After various tests and experiments, it turns out that it is usually a good idea to use `kde` to calculate KDE's. By the  construction of polars, the single groups handled in parallel.

The following non representative benchmark compares the performance of different KDE implementations using various DataFrame sizes. We also compare against the `scipy` implementation, wich is not parallelized and applied using `map_elements` in polars.

![Benchmark Results](benchmark.png)

The benchmark evaluates the total time taken for KDE computations across different numbers of rows and groups. If we have say 1000 rows and 10 groups, we calculate the KDE for each of the groups and get 10 KDE's evaluated at a fixed set of evaluation points. Note that `kde_dynamic_evals` also allows for a variable number of evaluation points per group.

If you want to run the benchmark yourself, you can use the following command:

```bash
make bench
```

NOTE: The `benchmark.py` file is actually a [marimo](https://marimo.app) notebook. Since it was created in sandbox mode the dependencies are part of the header information and we do not need to include any additional dependencies in the `pyproject.toml` file. Great.

## License

This project is licensed under the MIT License. See the [LICENSE](LICENSE) file for details.

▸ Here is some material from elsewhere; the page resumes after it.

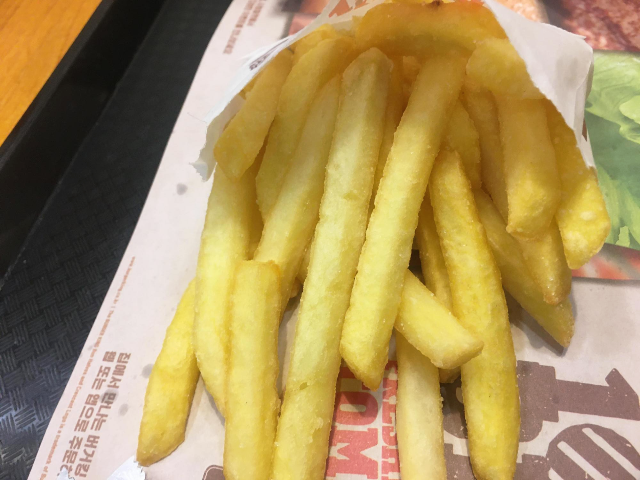 버거킹에 오랜만에와서 정말 놀란 것은 감자튀김입니다. 주로 맥도날드 감자튀김을 먹다가보니 버거킹의 감자튀김이 굉장히 깨끗해 보입니다.

Polars KDE provides Kernel Density Estimation (KDE) functionalities powered by the [Polars](https://www.pola.rs/) DataFrame library.


## Limitations and further improvements

- The current implementation only supports float32 dtypes and uses the Gaussian kernel with Silverman bandwith estimation. Should be extended to support various kernels, bandwiths and dtypes.
- The current implementation only supports 1D KDE's. Should be extended to support 2D KDE's.
- The underlying rust implementation is not yet optimized for performance, especially for large datasets.